--- RECORDS FOR THE TASK ---
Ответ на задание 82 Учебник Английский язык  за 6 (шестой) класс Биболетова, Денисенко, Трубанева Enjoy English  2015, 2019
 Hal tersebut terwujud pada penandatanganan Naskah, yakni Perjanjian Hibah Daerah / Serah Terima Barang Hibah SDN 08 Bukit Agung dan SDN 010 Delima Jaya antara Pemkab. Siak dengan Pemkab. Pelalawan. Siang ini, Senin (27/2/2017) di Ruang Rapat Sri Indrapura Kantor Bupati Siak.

---

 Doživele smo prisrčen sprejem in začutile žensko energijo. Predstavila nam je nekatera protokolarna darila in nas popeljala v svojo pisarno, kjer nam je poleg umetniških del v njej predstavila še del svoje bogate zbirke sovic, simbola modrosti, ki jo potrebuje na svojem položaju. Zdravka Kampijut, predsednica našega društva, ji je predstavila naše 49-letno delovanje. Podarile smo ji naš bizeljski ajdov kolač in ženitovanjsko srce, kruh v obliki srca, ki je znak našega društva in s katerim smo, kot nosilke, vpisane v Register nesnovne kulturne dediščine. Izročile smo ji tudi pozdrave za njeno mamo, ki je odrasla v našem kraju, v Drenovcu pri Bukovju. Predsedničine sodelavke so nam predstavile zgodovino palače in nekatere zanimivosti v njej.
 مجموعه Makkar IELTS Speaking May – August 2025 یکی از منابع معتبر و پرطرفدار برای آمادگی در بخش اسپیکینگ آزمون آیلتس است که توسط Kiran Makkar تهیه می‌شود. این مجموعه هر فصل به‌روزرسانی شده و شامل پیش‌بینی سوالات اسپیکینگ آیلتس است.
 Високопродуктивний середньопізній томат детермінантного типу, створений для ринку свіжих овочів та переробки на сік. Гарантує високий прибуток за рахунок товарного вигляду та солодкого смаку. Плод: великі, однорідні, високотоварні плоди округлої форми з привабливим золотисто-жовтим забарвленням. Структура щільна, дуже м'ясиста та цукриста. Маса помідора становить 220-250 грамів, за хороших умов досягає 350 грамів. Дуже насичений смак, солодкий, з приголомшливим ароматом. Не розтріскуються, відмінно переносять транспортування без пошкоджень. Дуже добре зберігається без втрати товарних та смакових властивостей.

...

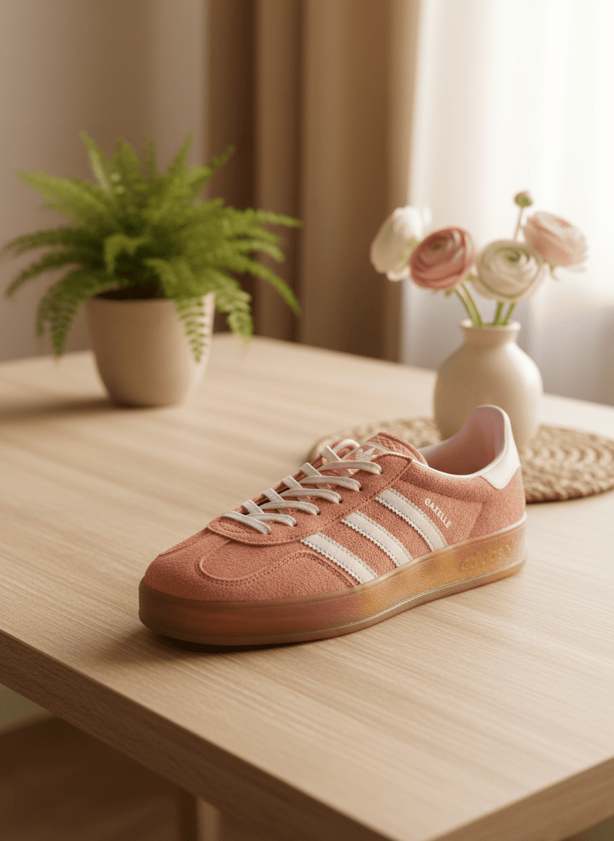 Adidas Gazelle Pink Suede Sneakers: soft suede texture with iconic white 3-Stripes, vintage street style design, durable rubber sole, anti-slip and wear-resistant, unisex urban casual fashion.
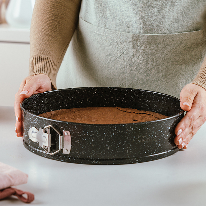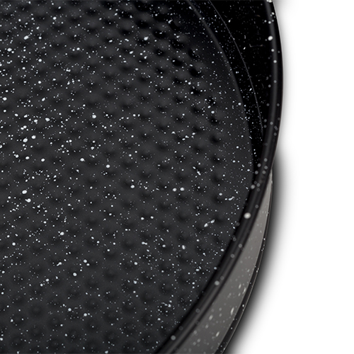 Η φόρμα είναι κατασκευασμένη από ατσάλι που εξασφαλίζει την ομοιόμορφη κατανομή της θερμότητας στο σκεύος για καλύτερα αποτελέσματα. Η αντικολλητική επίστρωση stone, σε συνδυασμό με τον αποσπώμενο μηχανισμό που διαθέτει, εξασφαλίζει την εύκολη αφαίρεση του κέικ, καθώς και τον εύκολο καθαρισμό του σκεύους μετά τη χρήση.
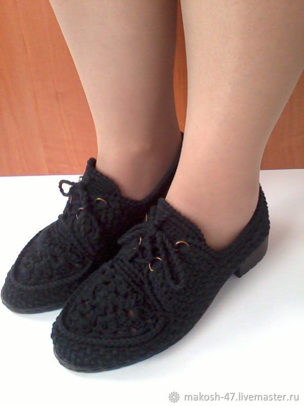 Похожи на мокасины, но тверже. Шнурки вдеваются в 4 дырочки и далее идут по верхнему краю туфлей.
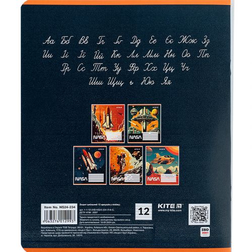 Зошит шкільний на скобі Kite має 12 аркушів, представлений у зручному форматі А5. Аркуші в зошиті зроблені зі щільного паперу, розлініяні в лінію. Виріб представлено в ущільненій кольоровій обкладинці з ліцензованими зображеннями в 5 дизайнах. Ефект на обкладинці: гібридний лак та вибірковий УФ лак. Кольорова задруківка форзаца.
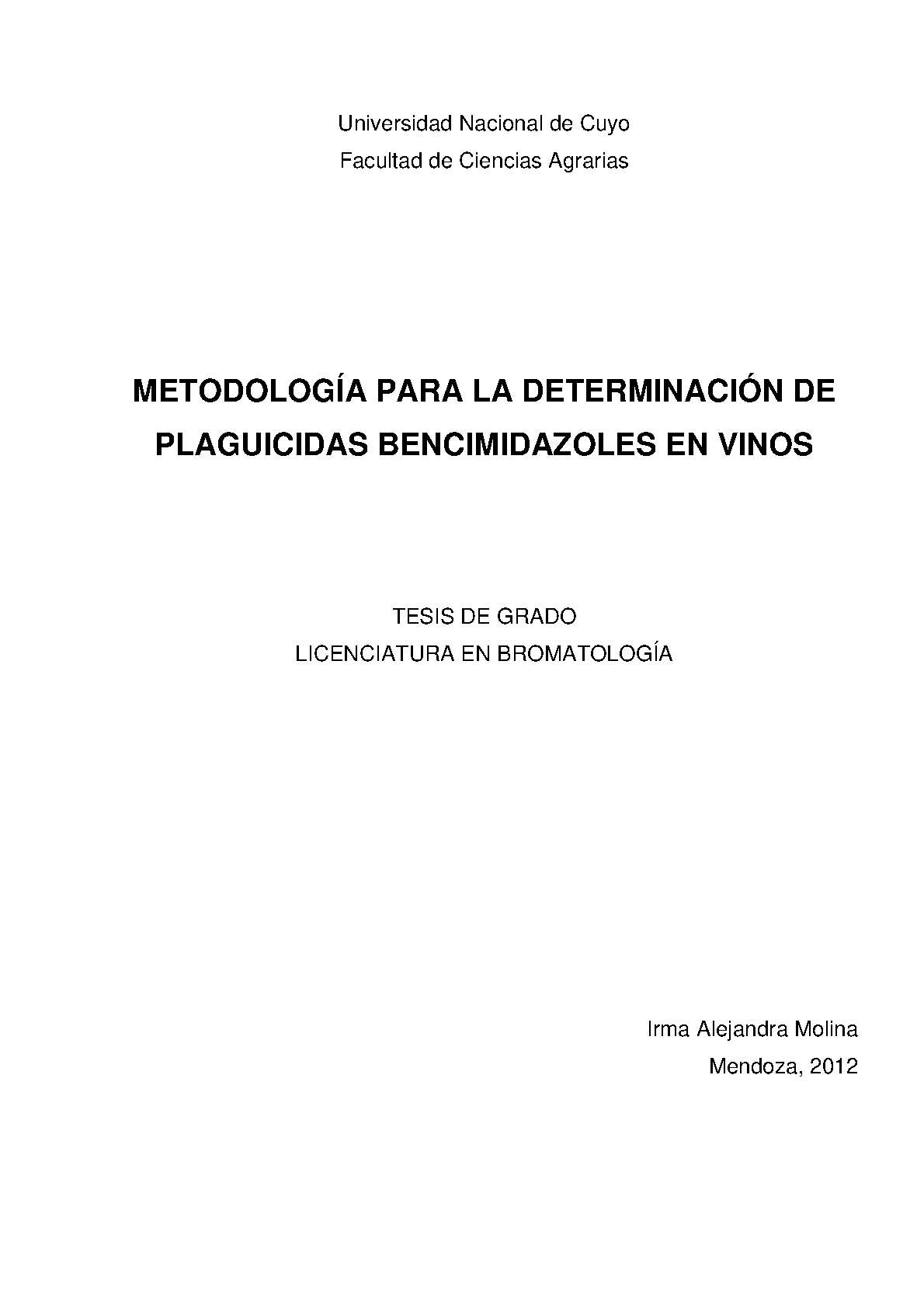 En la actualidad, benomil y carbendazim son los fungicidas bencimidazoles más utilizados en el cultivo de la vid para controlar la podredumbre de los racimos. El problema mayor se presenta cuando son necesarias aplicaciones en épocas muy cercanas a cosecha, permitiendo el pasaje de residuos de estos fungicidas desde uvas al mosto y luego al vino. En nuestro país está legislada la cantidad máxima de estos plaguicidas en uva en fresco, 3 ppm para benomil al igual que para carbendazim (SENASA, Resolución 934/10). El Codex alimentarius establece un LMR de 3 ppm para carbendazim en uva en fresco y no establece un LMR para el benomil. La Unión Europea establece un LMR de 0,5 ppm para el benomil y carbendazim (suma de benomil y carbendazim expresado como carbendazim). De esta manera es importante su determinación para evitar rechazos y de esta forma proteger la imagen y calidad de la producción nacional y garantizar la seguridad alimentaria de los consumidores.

--- YOUR TASK ---
All that is wanted is an exact copy of the lines above from the one with "Ответ на задание" through the one with "Hal tersebut terwujud", with both ends included.

--- EXERCISE RESPONSE ---
Ответ на задание 82 Учебник Английский язык  за 6 (шестой) класс Биболетова, Денисенко, Трубанева Enjoy English  2015, 2019
 Hal tersebut terwujud pada penandatanganan Naskah, yakni Perjanjian Hibah Daerah / Serah Terima Barang Hibah SDN 08 Bukit Agung dan SDN 010 Delima Jaya antara Pemkab. Siak dengan Pemkab. Pelalawan. Siang ini, Senin (27/2/2017) di Ruang Rapat Sri Indrapura Kantor Bupati Siak.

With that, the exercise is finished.